Purpose of the Study:
- To establish an integrated pipeline combining structure-guided computation and functional profiling for prioritizing drug candidates.
- To introduce and apply the Rosetta Engine for Anchoring Ligands with a Motif (REAL-M) screening algorithm.
- To validate the pipeline's effectiveness using the hypocretin receptor system.
Main Methods:
- Utilized the Rosetta Engine for Anchoring Ligands with a Motif (REAL-M) algorithm, leveraging Protein Data Bank (PDB) structural data.
- Employed cell-based reporter assays to assess the binding inhibition of candidate molecules.
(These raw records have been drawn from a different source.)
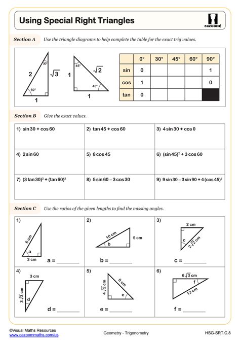 Master Special Right Triangles with Our PDF Worksheet
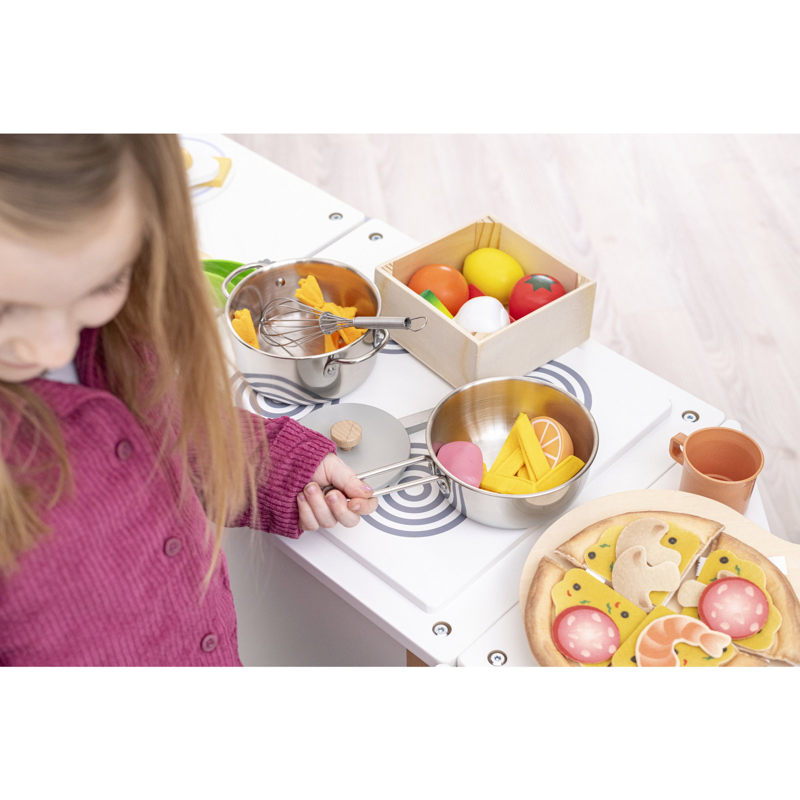 - Funktionale Türen & Fächer: Der Kühlschrank bietet Platz für Spiellebensmittel, und der Backofen lädt zum „Backen“ von Kuchen und Pizza ein. Das fördert die Feinmotorik und die Vorstellungskraft.
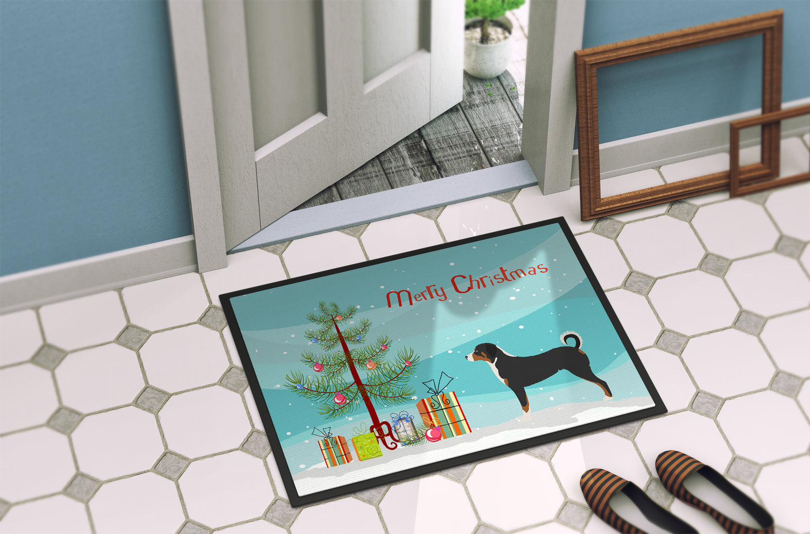 Decorate your space with Caroline's Treasures Christmas Appenzeller Sennenhund artwork on a Doormat. Welcome your guests in style with Caroline's Treasures Artwork Door Mat, designed to withstand almost any weather condition. This mat, measuring approximately 18 by 27 inches, is held together by durable black binding tape. Its top layer, composed of polyester felt, is dyed with the eye-catching image you see on the mat. A few layers below provide the mat with stability, while its rubber bottom is stamped to help prevent slipping and ensures safety. Caroline's Treasures mat works wonderfully as both an indoor or outdoor door mat. For cleaning, simply hose it off with water or use a power washer - no need for any cleaner that produces suds. Avoid scrubbing with a brush, instead, opt for the vacuum on floor setting. Designed manufactured and printed in the USA, this mat is a perfect addition to your porch, outdoor kitchen, entryway, or any indoor space. Its unique design makes it a charming decorative rug that greets your guests and adds a stylish touch to your home decor.
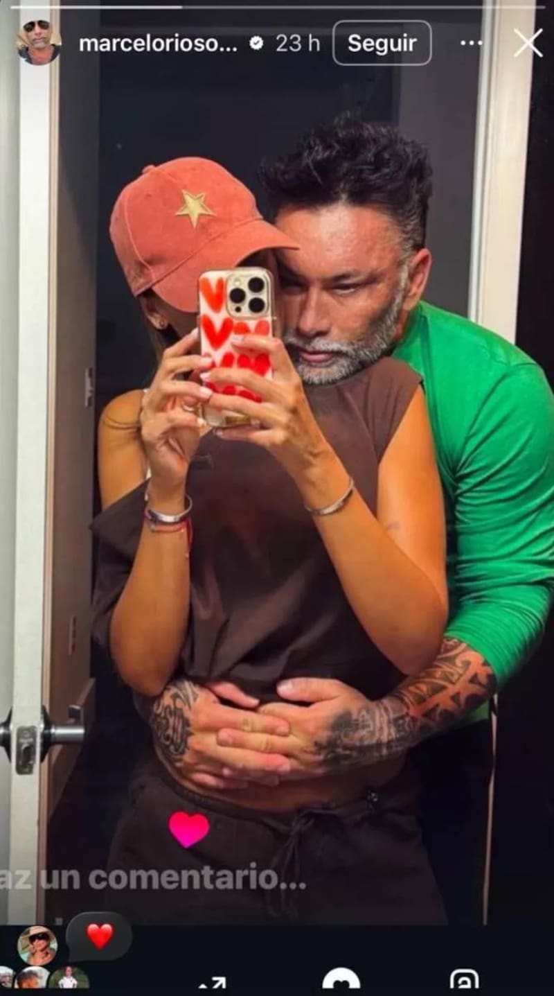 Ella aparece con el rostro tapado por su teléfono celular mientras captura el momento. ¿Y Ríos? Detrás, casi como una extensión de su cuerpo, con el mentón apoyado sobre su hombro y rodeándola con las manos a la altura del vientre.

- Conducted functional profiling in larval zebrafish, including experiments with hcrtr2 null mutants, to confirm on-target activity.
Main Results:
- 28 out of 30 predicted hypocretin receptor antagonists significantly blocked agonist binding in cell-based assays.
- Six chemically diverse molecules demonstrated efficacy comparable to existing antagonists.
- Three of these compounds significantly reduced hypocretin-induced hyperactivity in larval zebrafish, with on-target validation.
Conclusions:
- The integrated computational and zebrafish-based pipeline effectively prioritizes drug candidates with high accuracy and in vivo relevance.
- REAL-M and functional profiling offer a robust approach for identifying potent and specific drug leads.
- This adaptable pipeline holds promise for discovering ligands targeting numerous proteins with conserved binding pockets.